§ DESCRIPTION OF THE TASK
Using the data below, print exactly the line with "另一個明顯標志就是,在微博、", the line with "Название продукта: Uswon", and every line between them, but none of the pictures.
Top of DATA RECORDS
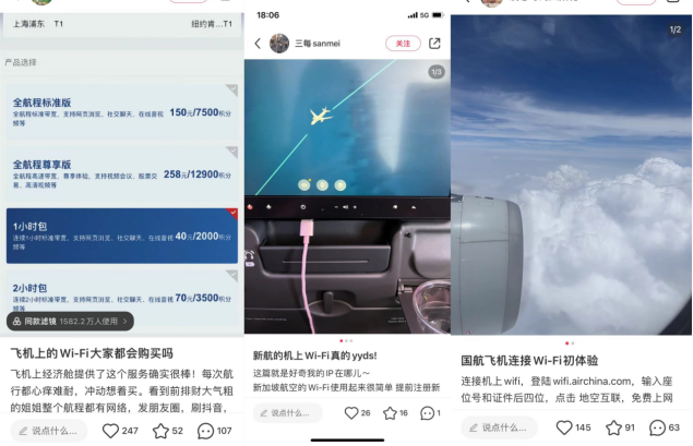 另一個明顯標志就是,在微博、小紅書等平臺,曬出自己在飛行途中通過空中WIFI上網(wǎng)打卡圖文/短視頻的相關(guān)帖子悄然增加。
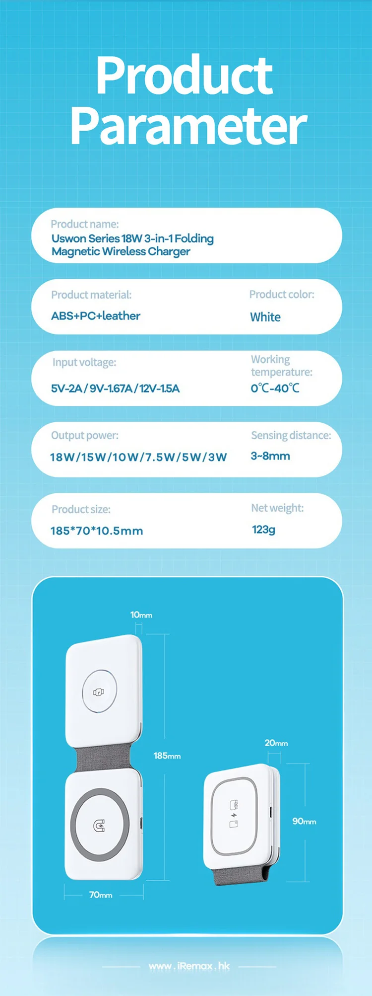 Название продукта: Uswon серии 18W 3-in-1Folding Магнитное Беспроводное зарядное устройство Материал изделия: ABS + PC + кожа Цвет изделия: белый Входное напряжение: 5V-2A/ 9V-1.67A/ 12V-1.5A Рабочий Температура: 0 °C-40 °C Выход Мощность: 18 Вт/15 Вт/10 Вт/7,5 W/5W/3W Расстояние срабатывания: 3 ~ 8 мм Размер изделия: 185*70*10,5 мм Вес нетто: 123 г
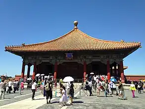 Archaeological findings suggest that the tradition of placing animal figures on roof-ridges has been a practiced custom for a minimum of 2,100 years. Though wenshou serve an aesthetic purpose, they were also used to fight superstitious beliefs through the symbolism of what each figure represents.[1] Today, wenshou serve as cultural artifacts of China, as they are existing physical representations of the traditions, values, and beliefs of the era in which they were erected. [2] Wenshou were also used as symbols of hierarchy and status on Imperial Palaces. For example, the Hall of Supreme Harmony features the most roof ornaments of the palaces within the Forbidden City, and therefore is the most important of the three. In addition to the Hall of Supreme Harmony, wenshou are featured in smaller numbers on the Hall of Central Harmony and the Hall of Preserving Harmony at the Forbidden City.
Bottom of DATA RECORDS
Top of DATA RECORDS
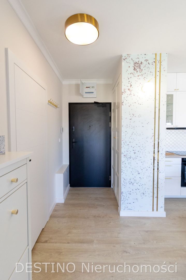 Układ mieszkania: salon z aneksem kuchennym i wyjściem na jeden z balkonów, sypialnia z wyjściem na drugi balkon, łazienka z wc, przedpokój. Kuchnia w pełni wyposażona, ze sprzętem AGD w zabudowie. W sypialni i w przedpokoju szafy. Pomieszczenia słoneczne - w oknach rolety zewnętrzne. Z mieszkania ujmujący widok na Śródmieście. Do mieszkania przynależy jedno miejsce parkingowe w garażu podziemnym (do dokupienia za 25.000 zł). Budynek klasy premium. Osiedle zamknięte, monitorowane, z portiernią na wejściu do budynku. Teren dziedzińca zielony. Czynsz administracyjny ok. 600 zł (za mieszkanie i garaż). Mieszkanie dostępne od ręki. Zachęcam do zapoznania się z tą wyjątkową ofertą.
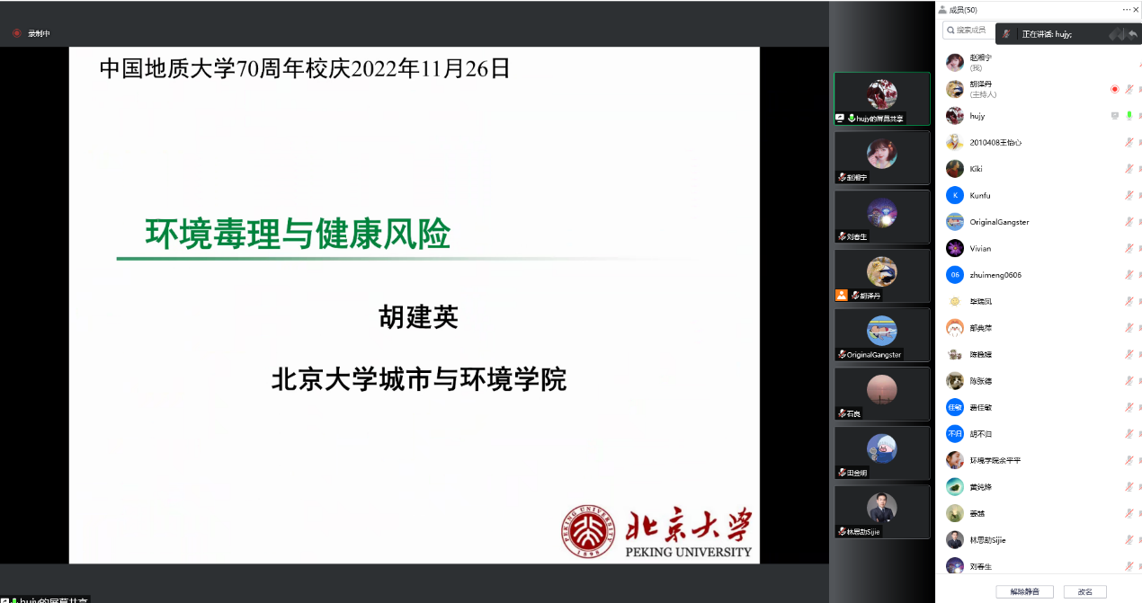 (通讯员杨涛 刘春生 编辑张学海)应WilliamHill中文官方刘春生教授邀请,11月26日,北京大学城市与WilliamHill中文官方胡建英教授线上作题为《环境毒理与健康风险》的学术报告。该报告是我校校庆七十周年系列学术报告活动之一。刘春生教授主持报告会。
Bottom of DATA RECORDS
Top of DATA RECORDS
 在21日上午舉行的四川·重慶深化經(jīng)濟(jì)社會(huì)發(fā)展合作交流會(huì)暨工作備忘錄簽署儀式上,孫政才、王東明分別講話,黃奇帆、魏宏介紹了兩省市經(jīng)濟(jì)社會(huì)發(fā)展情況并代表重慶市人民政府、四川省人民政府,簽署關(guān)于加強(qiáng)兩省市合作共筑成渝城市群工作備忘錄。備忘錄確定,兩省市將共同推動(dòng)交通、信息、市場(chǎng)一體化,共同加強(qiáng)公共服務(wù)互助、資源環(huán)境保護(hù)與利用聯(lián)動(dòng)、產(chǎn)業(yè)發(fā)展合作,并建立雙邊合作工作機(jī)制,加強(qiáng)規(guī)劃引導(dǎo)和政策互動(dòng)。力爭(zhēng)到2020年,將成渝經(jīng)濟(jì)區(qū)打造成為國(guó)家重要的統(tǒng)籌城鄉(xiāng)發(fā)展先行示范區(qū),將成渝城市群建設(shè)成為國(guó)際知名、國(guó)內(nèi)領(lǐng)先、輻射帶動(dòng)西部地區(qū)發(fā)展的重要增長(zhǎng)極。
Bottom of DATA RECORDS
§ EXERCISE SOLUTION
 另一個明顯標志就是,在微博、小紅書等平臺,曬出自己在飛行途中通過空中WIFI上網(wǎng)打卡圖文/短視頻的相關(guān)帖子悄然增加。
 Название продукта: Uswon серии 18W 3-in-1Folding Магнитное Беспроводное зарядное устройство Материал изделия: ABS + PC + кожа Цвет изделия: белый Входное напряжение: 5V-2A/ 9V-1.67A/ 12V-1.5A Рабочий Температура: 0 °C-40 °C Выход Мощность: 18 Вт/15 Вт/10 Вт/7,5 W/5W/3W Расстояние срабатывания: 3 ~ 8 мм Размер изделия: 185*70*10,5 мм Вес нетто: 123 г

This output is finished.